Pictures stay out of the copy. Retype exactly, and only, the lines from the one containing "ハーフジップラインデザインニット" through the end of the listing below.

> Data provided:
□ □ □

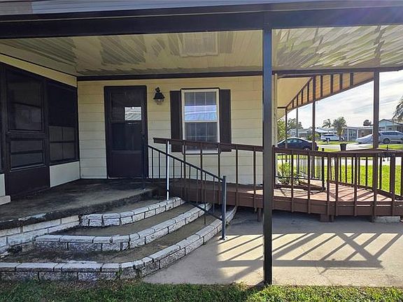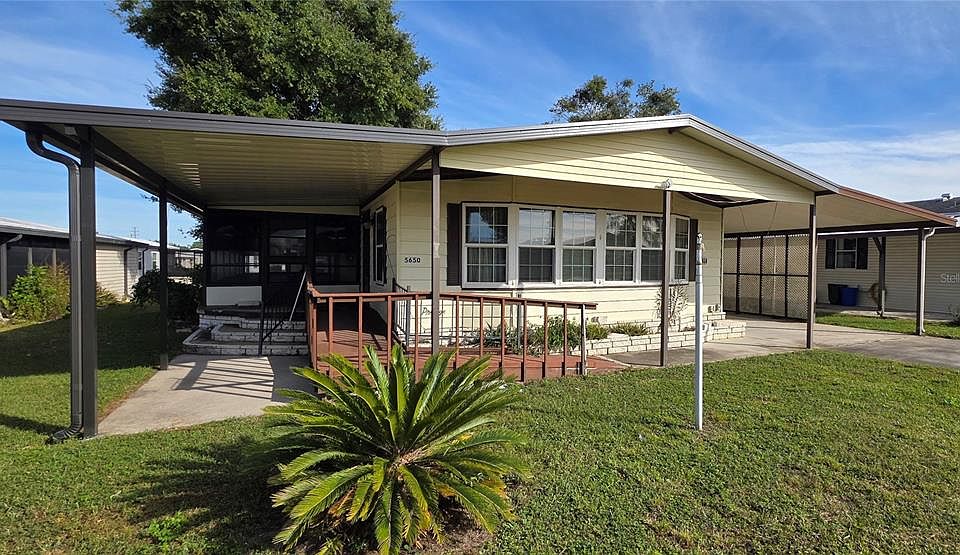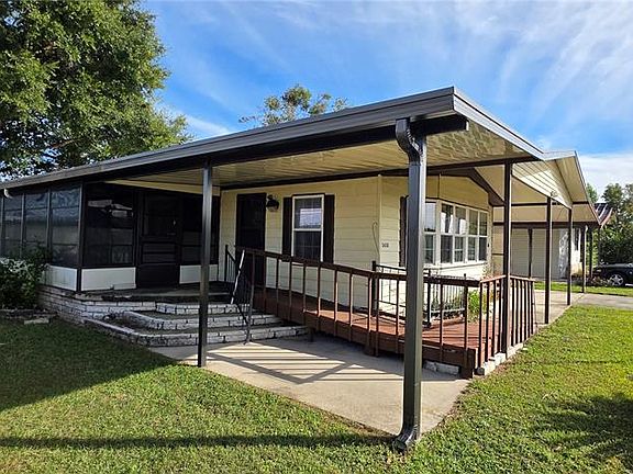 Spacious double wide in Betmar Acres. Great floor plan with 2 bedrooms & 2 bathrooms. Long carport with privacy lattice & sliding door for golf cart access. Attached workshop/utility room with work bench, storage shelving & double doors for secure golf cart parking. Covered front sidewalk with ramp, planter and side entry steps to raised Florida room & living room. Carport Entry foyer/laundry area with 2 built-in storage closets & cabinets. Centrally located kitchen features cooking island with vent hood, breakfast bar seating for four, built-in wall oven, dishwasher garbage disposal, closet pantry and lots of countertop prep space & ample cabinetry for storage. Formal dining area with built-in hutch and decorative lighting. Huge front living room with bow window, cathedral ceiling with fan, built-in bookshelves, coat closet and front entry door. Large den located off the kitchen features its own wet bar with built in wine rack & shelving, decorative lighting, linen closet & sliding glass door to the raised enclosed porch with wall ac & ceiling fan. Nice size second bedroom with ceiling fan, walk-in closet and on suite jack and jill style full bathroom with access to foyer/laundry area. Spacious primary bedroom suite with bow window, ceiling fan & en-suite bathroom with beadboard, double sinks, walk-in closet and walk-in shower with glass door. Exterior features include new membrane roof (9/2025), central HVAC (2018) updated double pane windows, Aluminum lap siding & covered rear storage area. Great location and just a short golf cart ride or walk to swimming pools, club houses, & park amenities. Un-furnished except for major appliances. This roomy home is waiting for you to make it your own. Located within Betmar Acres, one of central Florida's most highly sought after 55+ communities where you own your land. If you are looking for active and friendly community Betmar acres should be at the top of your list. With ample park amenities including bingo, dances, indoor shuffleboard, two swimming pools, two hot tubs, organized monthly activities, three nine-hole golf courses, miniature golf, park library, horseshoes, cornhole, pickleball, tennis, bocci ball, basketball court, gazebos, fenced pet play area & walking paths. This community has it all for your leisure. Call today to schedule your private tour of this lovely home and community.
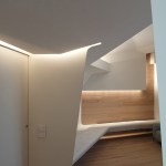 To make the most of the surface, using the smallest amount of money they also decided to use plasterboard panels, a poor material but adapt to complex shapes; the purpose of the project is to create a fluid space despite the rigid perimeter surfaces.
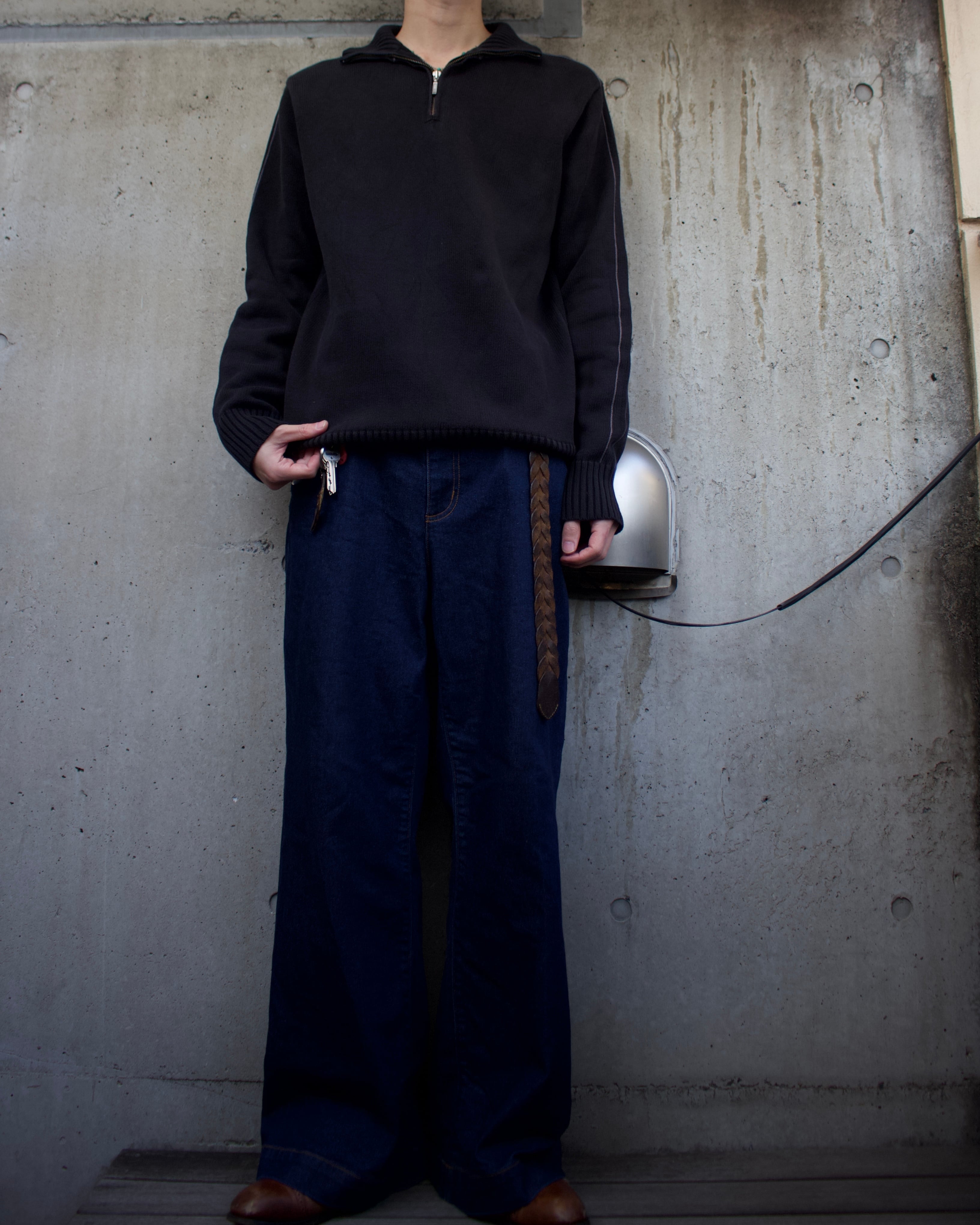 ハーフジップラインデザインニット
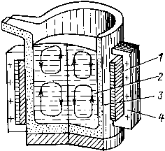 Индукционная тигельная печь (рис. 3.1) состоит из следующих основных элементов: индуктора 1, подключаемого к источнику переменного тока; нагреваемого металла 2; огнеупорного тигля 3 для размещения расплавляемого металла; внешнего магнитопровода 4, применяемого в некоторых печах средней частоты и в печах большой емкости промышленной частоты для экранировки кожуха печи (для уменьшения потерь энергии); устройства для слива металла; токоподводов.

□ □ □

> Answer area:
 ハーフジップラインデザインニット
 Индукционная тигельная печь (рис. 3.1) состоит из следующих основных элементов: индуктора 1, подключаемого к источнику переменного тока; нагреваемого металла 2; огнеупорного тигля 3 для размещения расплавляемого металла; внешнего магнитопровода 4, применяемого в некоторых печах средней частоты и в печах большой емкости промышленной частоты для экранировки кожуха печи (для уменьшения потерь энергии); устройства для слива металла; токоподводов.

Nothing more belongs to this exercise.